| PROBLEM STATEMENT |
When you write out the listing, keep every word as it stands and drop the pictures.

| SOURCE DATA |
== Segment start ==

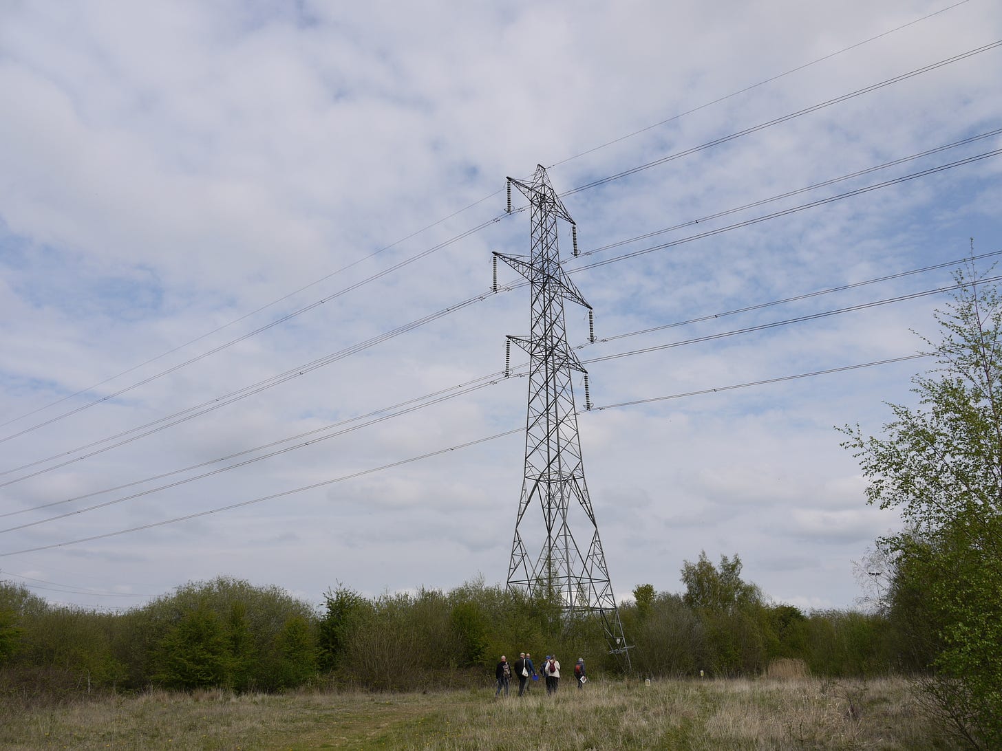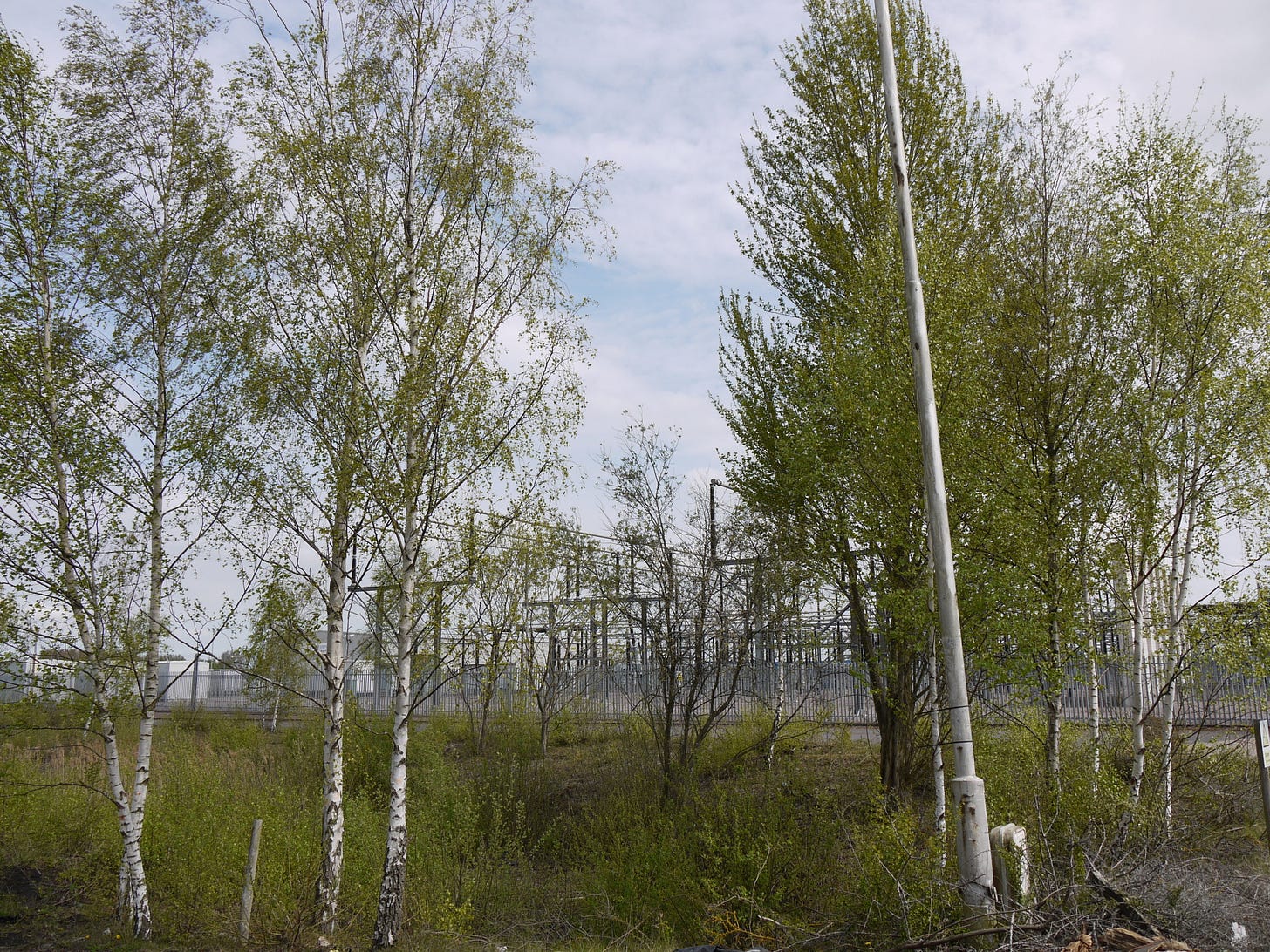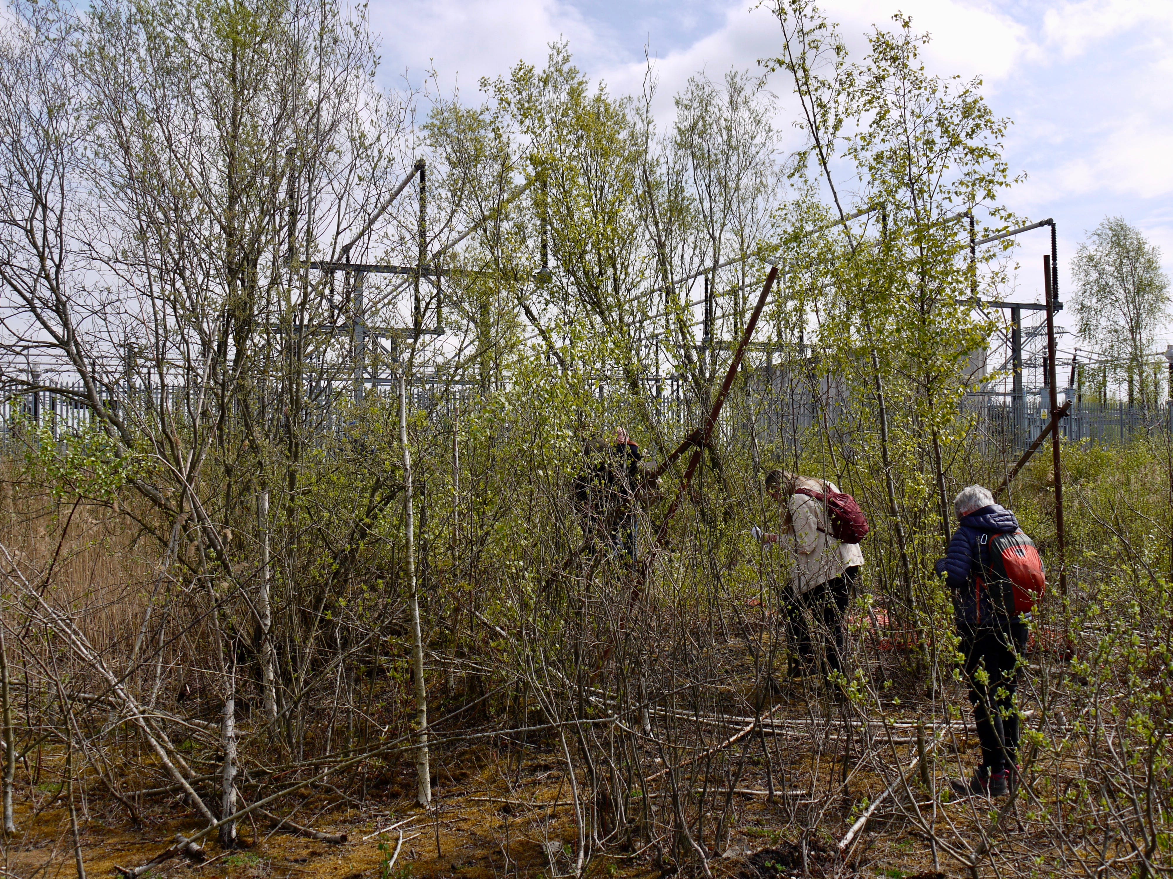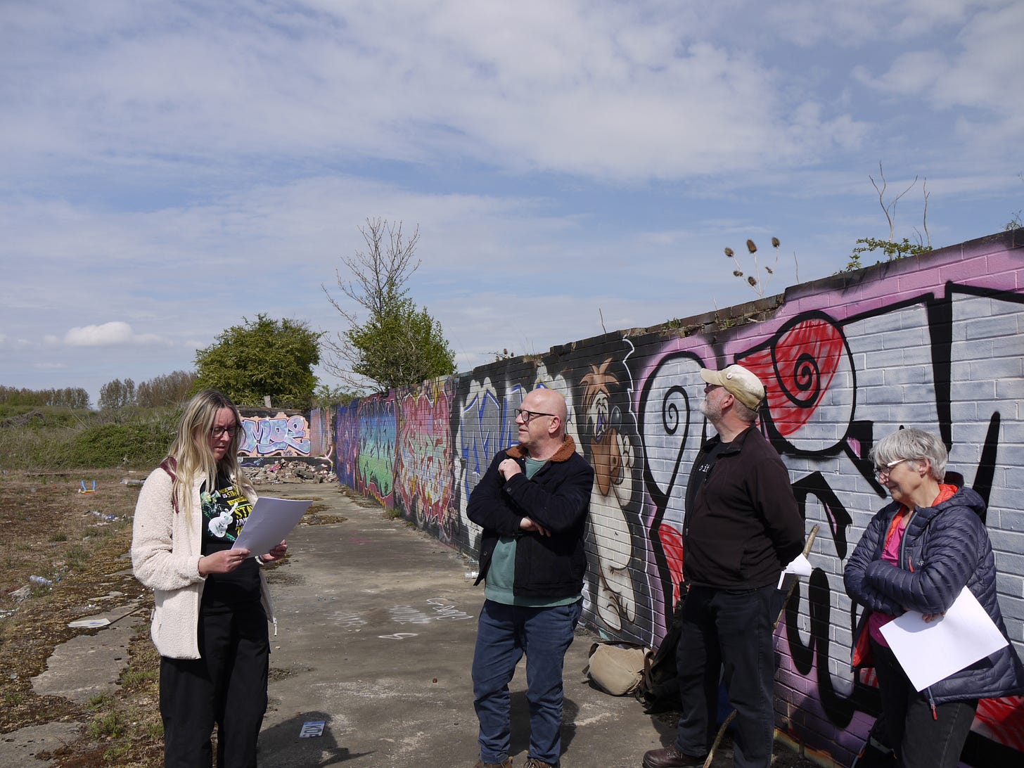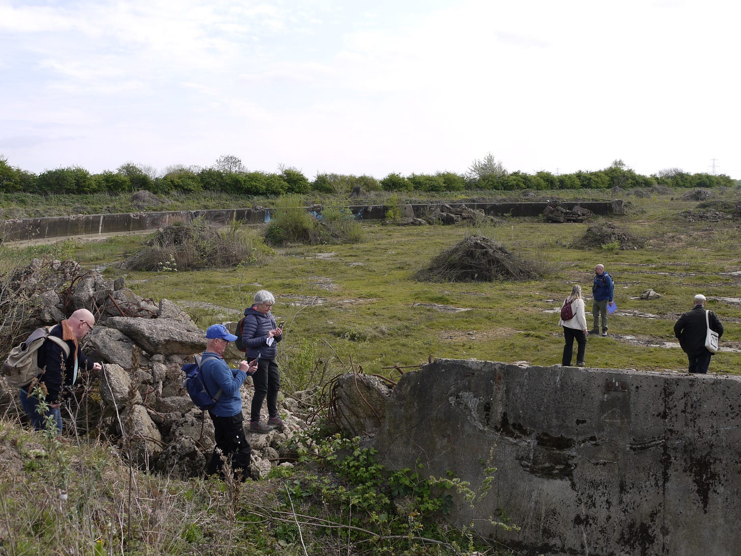 ​On Saturday 19 April, I joined a small group of walkers and writers for a collaborative ramble in the traces of Thorpe Marsh, a former coal-fired power station in the flatlands north of Doncaster. This peripatetic workshop, led by poet Steve Ely, threaded between settling ponds and cloud-skimming pylons, stands of white birches and shards of anthracite coal. I'd visited Thorpe Marsh once before, also with Steve, in April 2022. When I returned three years later, and contemplated the site from the access gate, it seemed to have shrunk; after an hour or so of collective walking, crouching by a rusted pipe in which countless bees were nesting, surveying half-collapsed heaps of crushed brick and concrete, or gazing at the terminal towers of the electrical substation, I'd recovered my orientation and sense of scale.
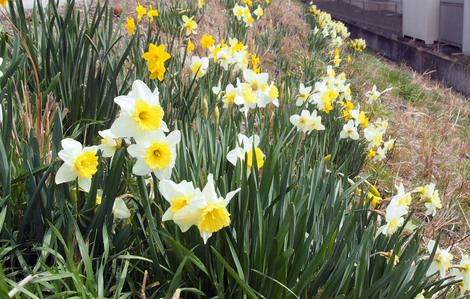 今年も近くの土手で、水仙が可憐な花を風になびかせながら咲いています。信州の「早春賦」の光景です。
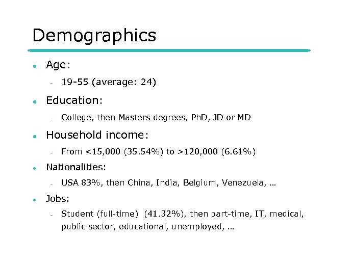 Demographics l Age: – l Education: – l From <15, 000 (35. 54%) to >120, 000 (6. 61%) Nationalities: – l College, then Masters degrees, Ph. D, JD or MD Household income: – l 19 -55 (average: 24) USA 83%, then China, India, Belgium, Venezuela, … Jobs: – Student (full-time) (41. 32%), then part-time, IT, medical, public sector, educational, unemployed, …

== Segment end ==

| EXERCISE SOLUTION |
 ​On Saturday 19 April, I joined a small group of walkers and writers for a collaborative ramble in the traces of Thorpe Marsh, a former coal-fired power station in the flatlands north of Doncaster. This peripatetic workshop, led by poet Steve Ely, threaded between settling ponds and cloud-skimming pylons, stands of white birches and shards of anthracite coal. I'd visited Thorpe Marsh once before, also with Steve, in April 2022. When I returned three years later, and contemplated the site from the access gate, it seemed to have shrunk; after an hour or so of collective walking, crouching by a rusted pipe in which countless bees were nesting, surveying half-collapsed heaps of crushed brick and concrete, or gazing at the terminal towers of the electrical substation, I'd recovered my orientation and sense of scale.
 今年も近くの土手で、水仙が可憐な花を風になびかせながら咲いています。信州の「早春賦」の光景です。
 Demographics l Age: – l Education: – l From <15, 000 (35. 54%) to >120, 000 (6. 61%) Nationalities: – l College, then Masters degrees, Ph. D, JD or MD Household income: – l 19 -55 (average: 24) USA 83%, then China, India, Belgium, Venezuela, … Jobs: – Student (full-time) (41. 32%), then part-time, IT, medical, public sector, educational, unemployed, …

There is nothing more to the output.